▶ _PROBLEM DETAILS_:
In the copy, include no images. Reproduce the entries exactly.

##### INPUT MATERIAL

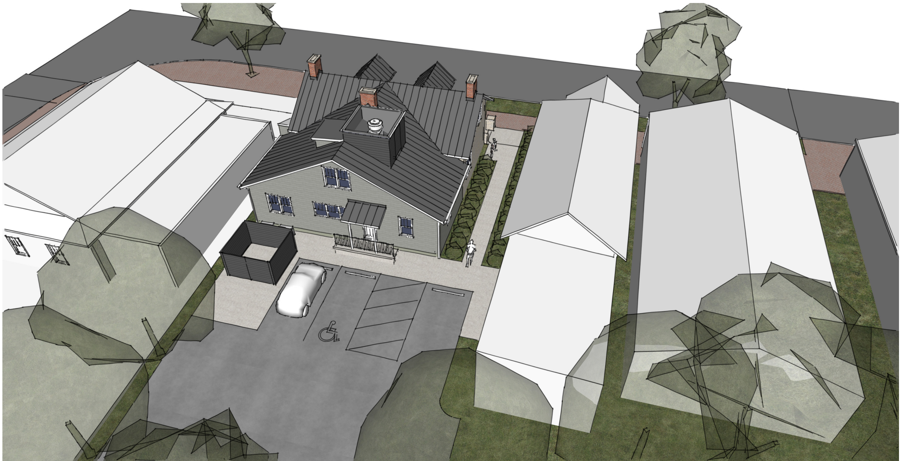
Birdseye View from the East
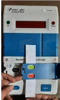
Fixing Green Paper Seal
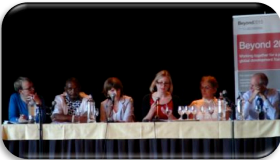
Beyond 2015 European seminar in May 2012, CSO representatives discussing the 'world we want'

On the civil society side the Beyond 2015 campaign 12 has brought together over 620 CSOs in 97 countries from all over the world with the aim of creating a strong and legitimate successor framework for the MDGs. CSOs have organised numerous workshops and already started the dialogue on various thematic issues and principles with policy makers. EU-12 development CSO platforms met to discuss their views on the post-2015 framework 13 in April 2012.
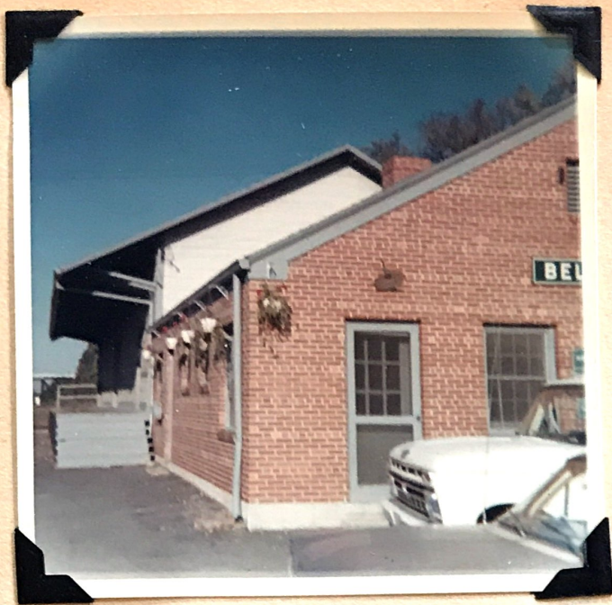
Hanging baskets Southern Railway Depot
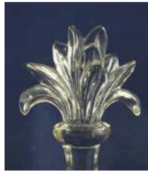
Original Center Finial
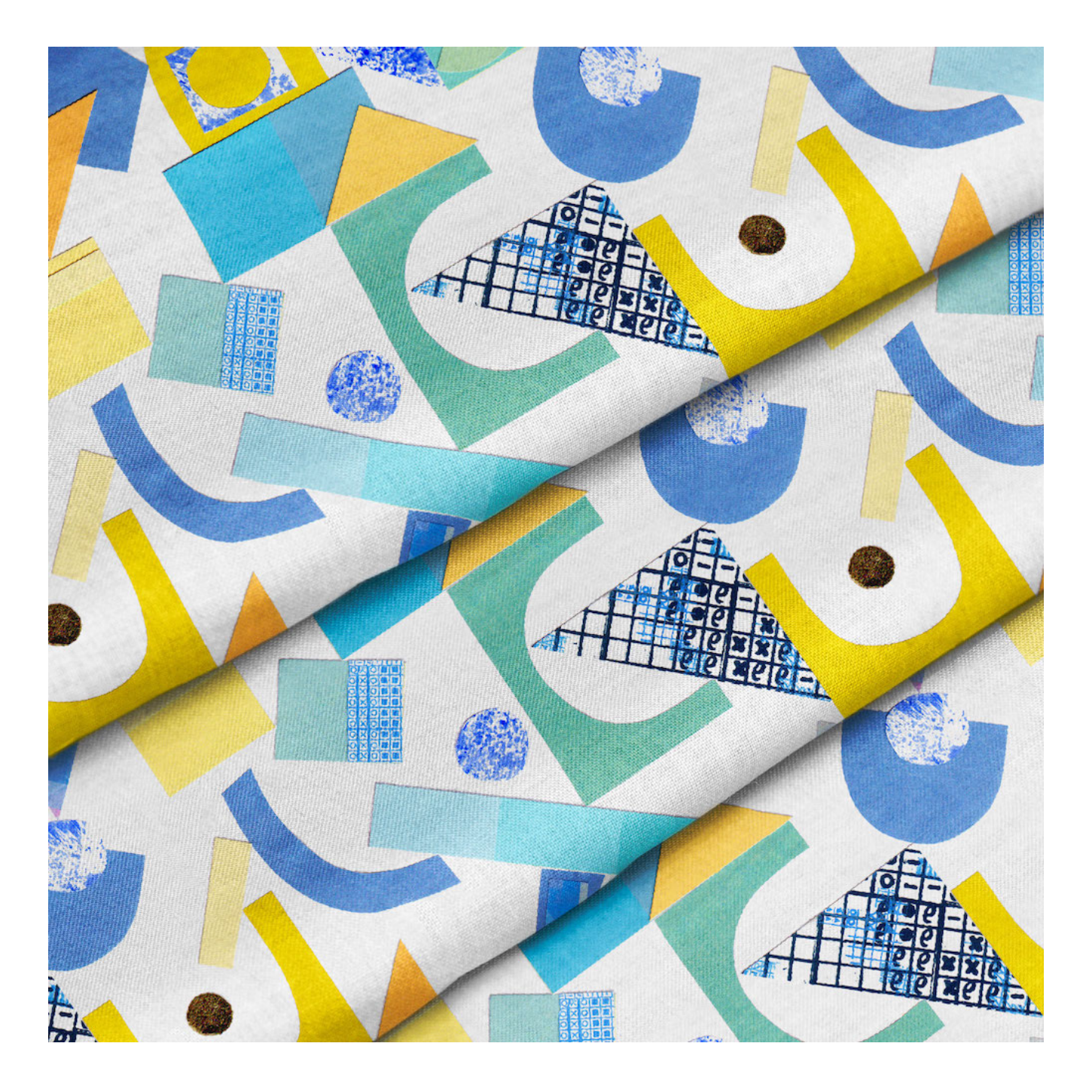
<u>A resource by Rachel Parker to help</u> <u>students build repeat patterns</u>
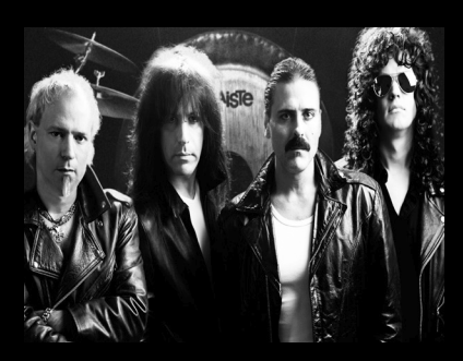
ALMOST QUEEN OCTOBER 2, 2021
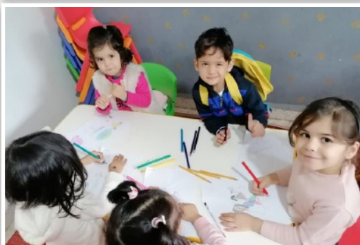
Learning to color and unleash creativity
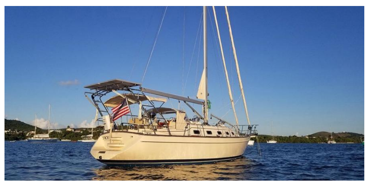
Skye exterior starboard
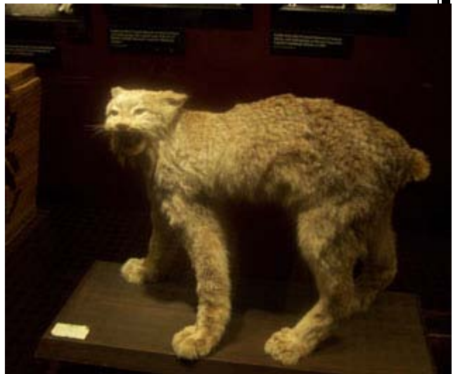
A Bob Cat in the Modern History Gallery

Next, we go through the Modern History Gallery. Many of the displays are early in the century and truly amazing. There is part of old town Victoria, China Town, a cannery and the HMS Discovery. There is an incredible bright red leisure suit in a clothing display and a bob cat. The hills surrounding Victoria have bear, cougar, and other critters. It was not long ago that a cougar was discovered in the parking lot at the Empress Hotel, just across the street!
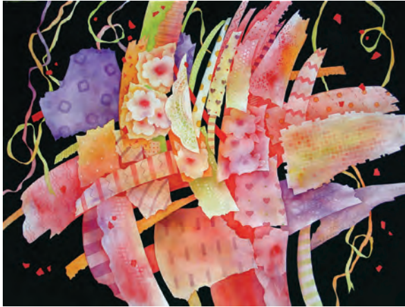
Carol Brody , Wellington, FL Party Papers, Ribbons and Red Confetti , $1,100 22" x 30"
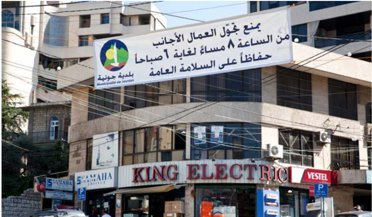
In many areas of Lebanon, curfews are imposed on Syrian refugees. Some refugee children have jobs that do not allow them to return home in time. This sign in a busy street in this suburb of Beirut, Lebanon, reads, “It is forbidden for foreign workers to walk around from 8pm-6am for public safety – Jounieh Municipality.”

Syrian children. One community leader said theft by children had increased in the first half of 2013, sometimes instigated by adults. Some boys in Za’atari allegedly belong to gangs, which instill fear in other refugees living in the camp.
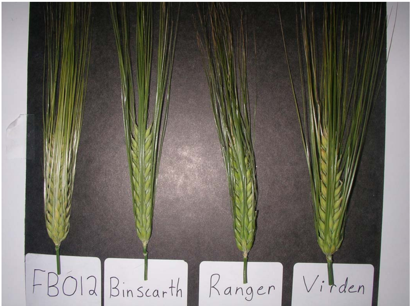
Barley: 'Desperado' (left) with reference varieties 'Binscarth' (centre left), 'Ranger' (centre right) and 'Virden' (right)
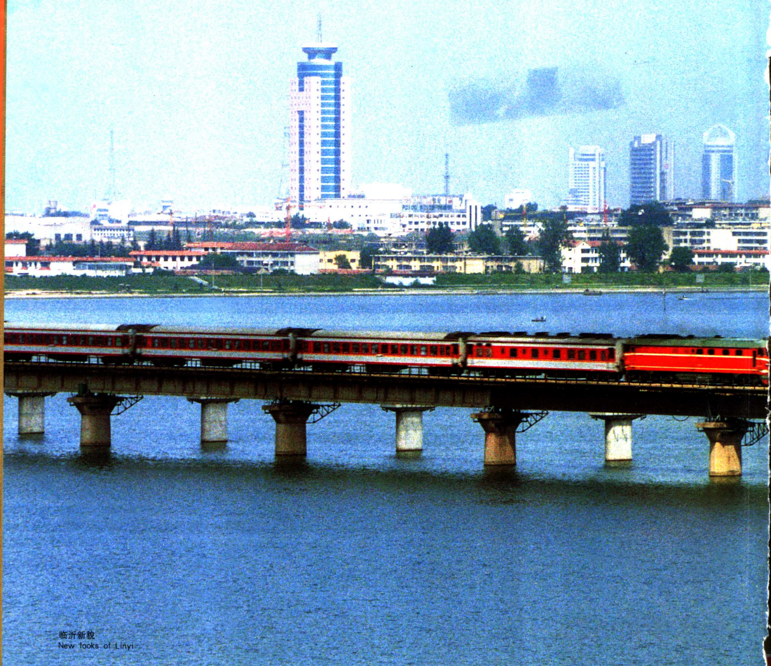
临沂新貌 New looks of Linyi
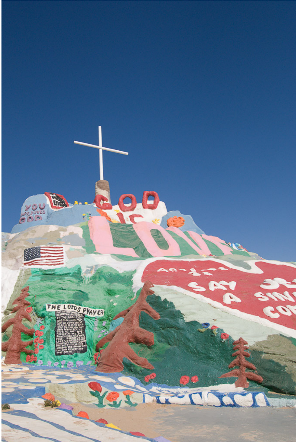
The vibrant colors stand out against the barren desert floor

Salvation Mountain is a hill in the Colorado Desert of Imperial County, California. Artist,
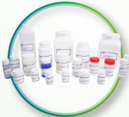
Booth: 2505 WELLPEP CO.,LTD.

Description: Essential Foot Care Fast-improvement/ Fast-absorbing / Non-sticky It has an amazing effect to relieve dry and cracked feet. CPNP/FDA/NMPA
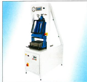
CRT-RC-H 液压标准轮碾压实机 CRT-RC-H The Hydraulic Standard Roller Compactor
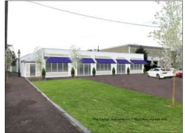
Architect's Renderings of possible changes in building facade

For more information about this opportunity contact:
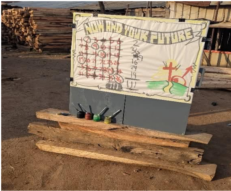
OPEN MARKET EVANGELISM SKETCH BOARD
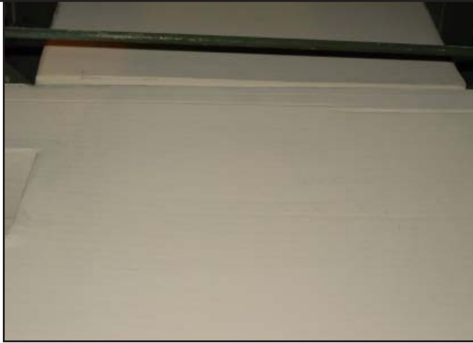
Under Drivers seat and left rear passenger floor pad
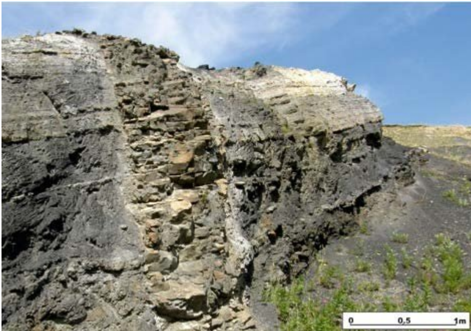
(Spireslack_2 P1) Palaeogene dyke intruding mudstones and siltstones of the Limestone Coal Formation.
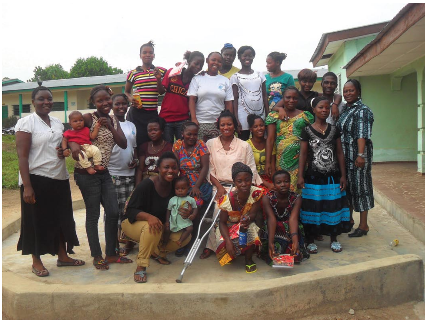
Participants of the PEER study on the last day of the research
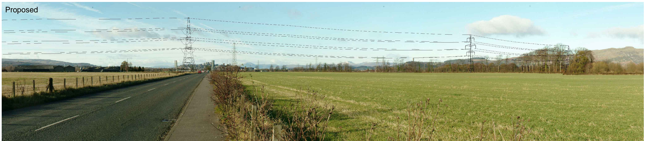
Fallin looking north (ES Viewpoint 100A Figure 24.1-100A)

Note: Towers and conductors as proposed are represented by a graphic model and are not true visual images
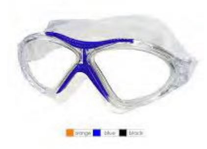
Ventosa Sr. - 50073

Transparent silicone senior googles. Colored frame. Polycarbonate lenses. RRP 24,00
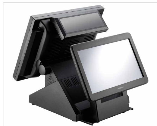
Dual Display Monitor Stand
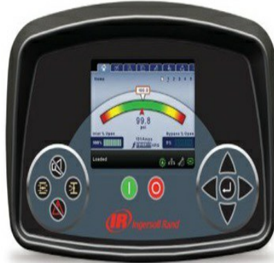
Xe-145F Series Centrifugal Compressor Controller
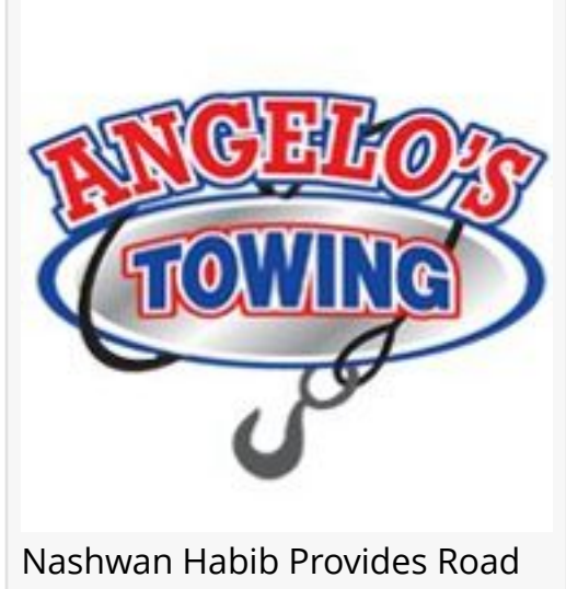
Nashwan Habib Provides Road Safety Tips That Could Save Your Life

you've suffered a breakdown, you should try to get out of the way of traffic, say pulling to the side of the road. If you've been in an accident, dial 911."

##########

▶ _SOLUTION_:
Birdseye View from the East
Fixing Green Paper Seal
Beyond 2015 European seminar in May 2012, CSO representatives discussing the 'world we want'

On the civil society side the Beyond 2015 campaign 12 has brought together over 620 CSOs in 97 countries from all over the world with the aim of creating a strong and legitimate successor framework for the MDGs. CSOs have organised numerous workshops and already started the dialogue on various thematic issues and principles with policy makers. EU-12 development CSO platforms met to discuss their views on the post-2015 framework 13 in April 2012.
Hanging baskets Southern Railway Depot
Original Center Finial
<u>A resource by Rachel Parker to help</u> <u>students build repeat patterns</u>
ALMOST QUEEN OCTOBER 2, 2021
Learning to color and unleash creativity
Skye exterior starboard
A Bob Cat in the Modern History Gallery

Next, we go through the Modern History Gallery. Many of the displays are early in the century and truly amazing. There is part of old town Victoria, China Town, a cannery and the HMS Discovery. There is an incredible bright red leisure suit in a clothing display and a bob cat. The hills surrounding Victoria have bear, cougar, and other critters. It was not long ago that a cougar was discovered in the parking lot at the Empress Hotel, just across the street!
Carol Brody , Wellington, FL Party Papers, Ribbons and Red Confetti , $1,100 22" x 30"
In many areas of Lebanon, curfews are imposed on Syrian refugees. Some refugee children have jobs that do not allow them to return home in time. This sign in a busy street in this suburb of Beirut, Lebanon, reads, “It is forbidden for foreign workers to walk around from 8pm-6am for public safety – Jounieh Municipality.”

Syrian children. One community leader said theft by children had increased in the first half of 2013, sometimes instigated by adults. Some boys in Za’atari allegedly belong to gangs, which instill fear in other refugees living in the camp.
Barley: 'Desperado' (left) with reference varieties 'Binscarth' (centre left), 'Ranger' (centre right) and 'Virden' (right)
临沂新貌 New looks of Linyi
The vibrant colors stand out against the barren desert floor

Salvation Mountain is a hill in the Colorado Desert of Imperial County, California. Artist,
Booth: 2505 WELLPEP CO.,LTD.

Description: Essential Foot Care Fast-improvement/ Fast-absorbing / Non-sticky It has an amazing effect to relieve dry and cracked feet. CPNP/FDA/NMPA
CRT-RC-H 液压标准轮碾压实机 CRT-RC-H The Hydraulic Standard Roller Compactor
Architect's Renderings of possible changes in building facade

For more information about this opportunity contact:
OPEN MARKET EVANGELISM SKETCH BOARD
Under Drivers seat and left rear passenger floor pad
(Spireslack_2 P1) Palaeogene dyke intruding mudstones and siltstones of the Limestone Coal Formation.
Participants of the PEER study on the last day of the research
Fallin looking north (ES Viewpoint 100A Figure 24.1-100A)

Note: Towers and conductors as proposed are represented by a graphic model and are not true visual images
Ventosa Sr. - 50073

Transparent silicone senior googles. Colored frame. Polycarbonate lenses. RRP 24,00
Dual Display Monitor Stand
Xe-145F Series Centrifugal Compressor Controller
Nashwan Habib Provides Road Safety Tips That Could Save Your Life

you've suffered a breakdown, you should try to get out of the way of traffic, say pulling to the side of the road. If you've been in an accident, dial 911."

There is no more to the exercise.